Sarah approached her mother. “Are we strangers, Mom?”

Tears floated in her mother’s eyes.

She touched her mother’s arm. She had lived inside this body once. It had been her first home. How could she let someone else discard it, as if it had never been? “I’m going to bring you to my place,” Sarah said.

Her mother blinked, but her cheeks remained dry. “I’m not going to be noble like your grandmother was.”

Sarah smiled. It was against her mother’s nature to be noble. She squeezed her mother’s arm. Gram’s suicide had been awful.

“Nobility’s overrated,” Sarah said.

1986: Gram’s backyard. Sarah put her pudgy arms around her Gram’s neck and wiped her tears with one grimy mitten. “How come you’re crying for the people in that shuttle if you didn’t know them?” she asked.

Gram shook her head, then buried her face in Sarah’s hair. “I don’t know,” she said. “Sometimes lives and dreams are so mixed up together, and you don’t realize it until it’s too late.”

Gram was holding her too tight Sarah squirmed. Gram let go. Sarah sat on Gram’s knee.

Gram smiled at her. “You don’t know what I’m talking about, do you?” Sarah shook her head. Sometimes big people said kinds of stuff she didn’t understand.

“It’s okay,” Gram said. “You’ll figure it out soon enough.”

The hide-a-bed cost half a month’s salary, but Sarah figured she could afford it, with her mother’s allowance going toward rent. The living room was crammed with knick-knacks Sarah had once hoped she would never have to live with again. Her mother’s heavy, ancient television set with its curved screen sat in the hallway, waiting to be carried to the back bedroom. The bedroom had been Sarah’s. From that night on, it would be her mother’s.

And, surprisingly, Sarah didn’t mind. This was the chance she had missed with Gram. This was the chance she needed with her own mother. Too many people watched life’s beginning and shied away from its end.

“I still don’t get it,” Janie said as she carried in the last box from storage. “Why doesn’t she get her own apartment?”

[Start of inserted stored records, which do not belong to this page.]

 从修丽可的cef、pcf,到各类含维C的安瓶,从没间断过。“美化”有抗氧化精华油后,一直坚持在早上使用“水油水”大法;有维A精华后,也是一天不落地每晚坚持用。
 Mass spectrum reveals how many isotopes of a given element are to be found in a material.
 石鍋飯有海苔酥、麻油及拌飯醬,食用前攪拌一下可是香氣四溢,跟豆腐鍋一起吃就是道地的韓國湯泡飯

“They don’t make new leases with people over seventy, stupid,” Scooter said. He was rummaging through the previous box, seeing if there were any old chips. Sarah reached into an open one beside her and brought out an old attachable house sound system. She handed it to Scooter. He squealed with delight and looked for the chip.

“I don’t see why she has to come here,” Janie said again.

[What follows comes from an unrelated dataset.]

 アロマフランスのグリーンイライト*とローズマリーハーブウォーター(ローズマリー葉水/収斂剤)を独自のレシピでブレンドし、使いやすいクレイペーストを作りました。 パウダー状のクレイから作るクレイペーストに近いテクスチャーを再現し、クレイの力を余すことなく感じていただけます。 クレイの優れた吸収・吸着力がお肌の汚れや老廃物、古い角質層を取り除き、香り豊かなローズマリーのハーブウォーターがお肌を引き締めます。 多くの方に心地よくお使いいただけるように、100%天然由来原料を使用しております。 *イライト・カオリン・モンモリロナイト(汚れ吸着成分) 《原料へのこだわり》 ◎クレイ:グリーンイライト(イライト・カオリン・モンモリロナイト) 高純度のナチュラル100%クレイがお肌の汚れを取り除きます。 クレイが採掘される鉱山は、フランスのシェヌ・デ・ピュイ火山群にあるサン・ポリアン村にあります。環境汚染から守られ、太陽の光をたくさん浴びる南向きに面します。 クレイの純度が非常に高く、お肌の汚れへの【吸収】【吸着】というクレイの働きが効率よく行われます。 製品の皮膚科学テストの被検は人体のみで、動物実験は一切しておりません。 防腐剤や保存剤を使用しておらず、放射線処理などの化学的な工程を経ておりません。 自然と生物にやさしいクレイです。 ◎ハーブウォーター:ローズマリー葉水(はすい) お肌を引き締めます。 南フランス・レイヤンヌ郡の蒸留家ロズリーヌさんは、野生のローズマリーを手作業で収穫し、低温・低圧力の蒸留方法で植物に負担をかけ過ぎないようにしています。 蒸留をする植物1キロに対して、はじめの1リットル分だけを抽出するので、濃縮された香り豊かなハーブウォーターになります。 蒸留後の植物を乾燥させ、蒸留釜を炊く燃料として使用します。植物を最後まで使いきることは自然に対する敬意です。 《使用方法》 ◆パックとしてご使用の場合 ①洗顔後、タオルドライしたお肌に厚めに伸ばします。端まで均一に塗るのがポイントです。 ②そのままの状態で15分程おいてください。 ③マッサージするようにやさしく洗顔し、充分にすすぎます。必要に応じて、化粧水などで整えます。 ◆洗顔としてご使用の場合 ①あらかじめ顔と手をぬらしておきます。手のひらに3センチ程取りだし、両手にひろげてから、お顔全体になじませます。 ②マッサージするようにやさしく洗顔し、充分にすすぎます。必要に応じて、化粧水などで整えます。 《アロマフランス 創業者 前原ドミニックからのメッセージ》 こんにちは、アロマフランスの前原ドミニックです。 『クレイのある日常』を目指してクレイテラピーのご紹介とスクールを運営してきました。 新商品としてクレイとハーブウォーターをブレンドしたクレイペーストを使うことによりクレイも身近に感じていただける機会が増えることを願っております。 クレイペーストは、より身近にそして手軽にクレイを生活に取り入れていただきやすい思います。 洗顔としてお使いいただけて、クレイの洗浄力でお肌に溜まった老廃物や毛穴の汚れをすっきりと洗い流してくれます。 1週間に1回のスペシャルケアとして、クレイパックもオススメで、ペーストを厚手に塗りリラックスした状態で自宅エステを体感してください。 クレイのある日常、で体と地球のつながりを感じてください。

“Because I asked her,” Sarah said.

“You don’t even like her, Mom,” Trina said. She was bouncing on the hide-a-bed, testing its springs.

Sarah took Trina’s arm, and gently stopped her bouncing. Trina let her, almost as if she had been expecting it. After three children, Sarah knew how to parent.

But her mother had only had one. Sarah had been an accident, unplanned. Sarah’s children were planned, but being raised the same way. By one woman alone.

“I don’t know her any more,” Sarah said. “I don’t know if I like her or not.”

“Then why bring her here?” Janie asked, sitting beside Trina.

Sarah looked at her daughters, and wondered how they would feel after their grandmother was gone.

When their own mother was dying.

The law said they weren’t responsible, any more than she was.

“I’m bringing her here,” Sarah said, “because life’s an adventure.”

She had forgotten that. All these years, she’d forgotten it. It had taken her mother, of all people, to remind her.

“An adventure?” Janie asked, as if she had never heard that before.

“An adventure,” Sarah said. “I’d just forgotten, until now.”